The twelve-faced body of the tomb was built of red sandstone, but the pedestal with the original structure (the corners are in form of the projected cubic) was built of the hewed stone. Unlike other tombs of Azerbaijan the vault of the Gulustan tomb is situated on the land surface (in the pedestal). The pedestal looks like the projected pyramid outside but inside is cylindrical. The projected pyramid which is square in plan (6.6 x 6.6 cm) turns to the right twelve-faced in the upper part outside and twelve-faced upper chamber is situated on it. The upper tent cover of the tomb was completely destroyed. In accordance with this to identify if the cover looked like a pyramid or conic form is very difficult. The tomb surfaces were decorated with the carving geometric ornaments and were framed with the decorative arches. Each face of the tower is completed with the arches, by means of salient forking. Inside the recesses were covered with the neat designs as it exists in the tombs of Ajami Nakhchivani.
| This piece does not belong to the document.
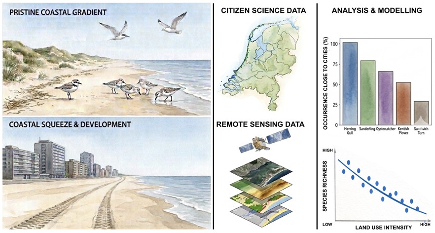 By combining high-density citizen science bird data with remote sensing and spatial environmental information, this project will investigate how habitat quality and coastal management shape bird diversity patterns along the Dutch coast.

When glanced at the designs in all twelve faces, it becomes clear that the succession existing here is completed by means of three kinds of geometric designs repeatedly. The joined part of the body with the stand, also the place passing to the dome, were encircled with the carved enforcement of stalactite shape. The assembling of the ornaments with other decorative elements and their connection give a rather more vivid and elastic image to the monument. The space structure of the Gulustan tomb is the unexampled specimen on the basis of a square from the circle, from cubic capacity to conic and thus the artistic – technical solution of the symmetric systems pass to one another. As the widespread area of these kinds of tombs is Anadolu, it is possible to regard the Gulustan tomb as the key indicator of the background unity of the central Azerbaijan and the tombs of the Anadolu Saljug. According to the symmetry between the architectural forms, cut and neatness of the designs the Gulustan tomb is differed from these stone tombs for its advantage.

=== Jugha ===
Jugha is the settlement of the Middle Ages in the north-west from the Gulustan village. It is limited by the high mountain range in the north, by the Araz River in the south, and by the ancient cemetery in the west. The settlement in the form of narrow stripe on the left bank of the Araz River is lies towards from west to east. The residential buildings were completely destroyed in the area, remains of the building (especially burned bricks) were scattered in the around. From here were discovered the products of the glazed and unglazed ceramic in the pink colored decorated with the ornaments of various compositions, the copper coins and other examples of the material culture. There exist the archaeological monument of the Middle Ages in the west end of the place of residence. Its area is about 10 hectares. The grave monuments were from different periods, consists of the ram stones, stone graves, the chest and head stones made in the form of a rectangular prism. On the gravestones meets images of various subjects (especially the image of a winged dragon). According to the findings and grave monuments, it is assumed that the main activity period of the Cuğa belongs to the 11-17 centuries. There are also the grave monuments of the last period in the area.

=== Mineral water ===
The Gulustan mineral water is in the bed of the Alinjachay (Alinja River), at 2.5 km distance from the village of Gulustan, in the territory of Julfa region. The mineral water is extracted from the well of 135 m in depth which was drilled in 1962. The water is carbonic aerated, less mineralized, hyrocarbonated with natrium-calcium-magnezium. It is of the same type of “Kislovodsk” (Russia) and “Sirab” (Babak) waters.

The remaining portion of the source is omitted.